27 versions of ‘White Christmas’ ranked, from Lady Gaga to Taylor Swift

Elvis Presley, Taylor Swift, Sabrina Carpenter, Lady Gaga and Kelly Clarkson against a snowy background.

From Sabrina Carpenter to Lady Gaga, pretty much every pop girly has released a cover of Bing Crosby's 'White Christmas'. (Getty/Netflix/Canva)

Bing Crosby’s “White Christmas” isn’t usually one of the few festive smashes vying for Christmas number one every single year. Not because it’s not any good, but probably because there are more than 500 versions that the world can choose to stream instead. 

It’s no wonder. Written by Irving Berlin, “White Christmas” is the song that topped the US charts for three consecutive years (1942, 1943, and 1944), won an Oscar, and became the best-selling (physical) single of all time – globally.

Oh, and it also had some hand in commercialising Christmas to the extent it is today, after the song’s wild success proved that there was such a thing as a secular festive market. Looking for someone to blame for the fact that angels no longer top Christmas trees, and Labubus do? Blame Bing Crosby. Sort of.

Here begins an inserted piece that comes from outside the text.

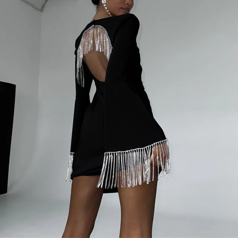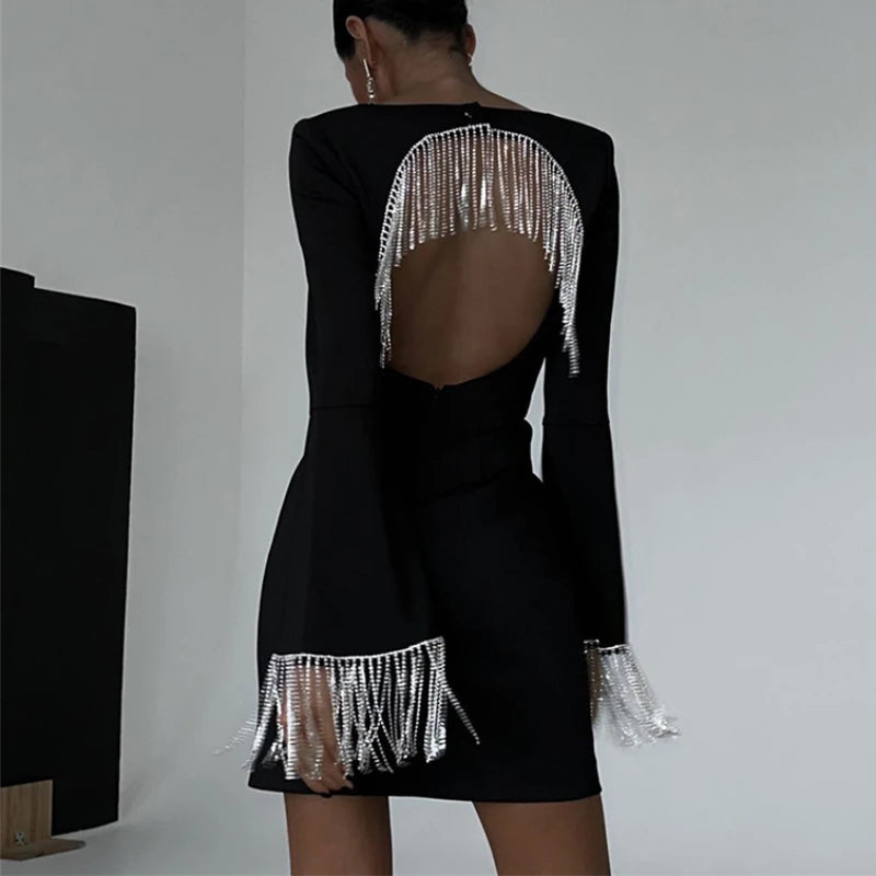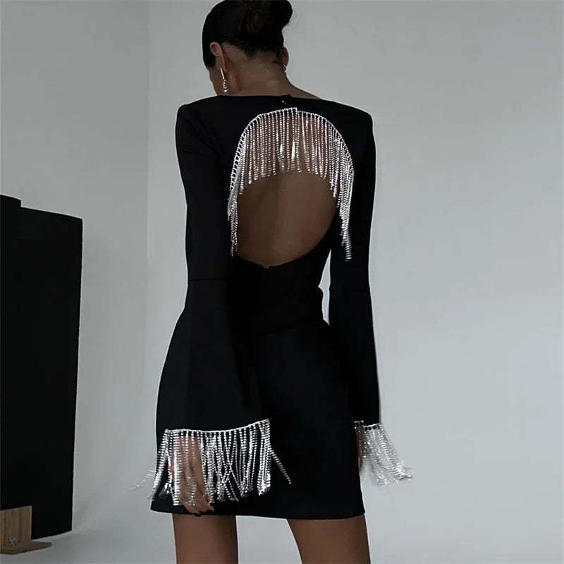 Purpdrank Sexy Square Collar Hollow Backless Club Dress Solid Flare Sleeve Tassel Edge Party Dresses High Street Mini Dresses
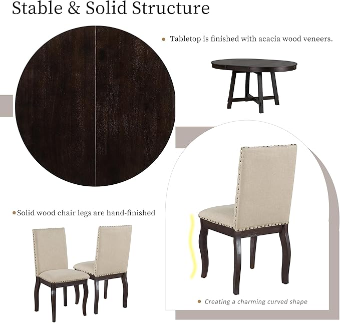 5 Piece Round Farmhouse Wooden Dining Table Set with 4 Upholstered Chairs, Extendable Restaurant Furniture, for Kitchen, Diningroom, Living Room, Espresso+Brown

There are too many versions to rank them all, so some we’ve had to give some a miss – Dean Martin! Andy Williams! Erasure! Doris Day! Boney M! CeeLo Green! Flaming Lips! Kidz Bop! Backstreet Boys! Cody Simpson! Cliff Richard! – but here are 27 versions of “White Christmas” ranked.

(Oh, and if you enjoy this list, check out our 35 covers of Wham!’s “Last Christmas” and 30 covers of Mariah Carey’s “All I Want For Christmas Is You” ranked, too.)


27. One Republic (2018)

Opening with Ryan Tedder’s signature drone and some mildly creepy Christmas chimes, and climaxing with explosive, crunchy drum claps, One Republic’s “White Christmas” has all the manufactured melodrama of an X Factor winners’ performance. Unlike one of those though, this is unlikely to result in a Christmas number one.


26. George Ezra (2017)

George Ezra’s “White Christmas” slots in nicely with the rest of his discography to date: pleasant, sure, inoffensive, yeah, but not exactly exciting. This dainty, smooth jazz version was recorded live, so has that cozy, by-the-country-pub-fire feel that is integral to Christmastime, but no one in this country pub is stopping their conversations to sing along.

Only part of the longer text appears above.